[DATASET CONTENT — start]

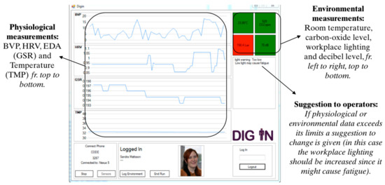Further, risks connected to data presentation were seen in the case studies. One of the operators thought that it would be inconvenient to see the data in real-time and that he would rather see the data after the order was completed, or in his free time. If physiological measurements were used at the station, operators thought that it should be voluntary to use them. Also, operators thought that if they were aware of their own stress levels, this would contribute to additional stress. In addition, they wanted notifications through either symbols or pre-selected text. Although the sample sizes of the case studies were small, the feedback from the operators are important. To design a system according to what the operators think can improve interaction and operator performance [61,62] and usability [63,64,65,66,67,68]. A number of questions were raised during the workshop, such as, who will support the device interface and whether data from devices were enough to assess operator wellbeing.
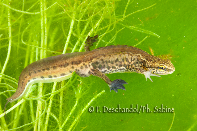 : Triton palmé (Lissotriton helveticus alonsoi), mâle, Cilleruelo de Bezana, Espagne.
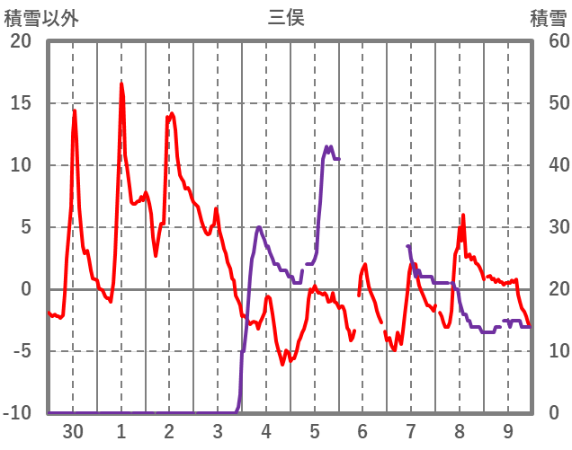 | 日 | 時 | 気温 | 降水 | 風向/風速 | 日照 | 積雪 | 降雪 |

[DATASET CONTENT — finish]

Could you restate all of the data above word for word and skip every picture?

* _WRITTEN ANSWER_
Further, risks connected to data presentation were seen in the case studies. One of the operators thought that it would be inconvenient to see the data in real-time and that he would rather see the data after the order was completed, or in his free time. If physiological measurements were used at the station, operators thought that it should be voluntary to use them. Also, operators thought that if they were aware of their own stress levels, this would contribute to additional stress. In addition, they wanted notifications through either symbols or pre-selected text. Although the sample sizes of the case studies were small, the feedback from the operators are important. To design a system according to what the operators think can improve interaction and operator performance [61,62] and usability [63,64,65,66,67,68]. A number of questions were raised during the workshop, such as, who will support the device interface and whether data from devices were enough to assess operator wellbeing.
 : Triton palmé (Lissotriton helveticus alonsoi), mâle, Cilleruelo de Bezana, Espagne.
 | 日 | 時 | 気温 | 降水 | 風向/風速 | 日照 | 積雪 | 降雪 |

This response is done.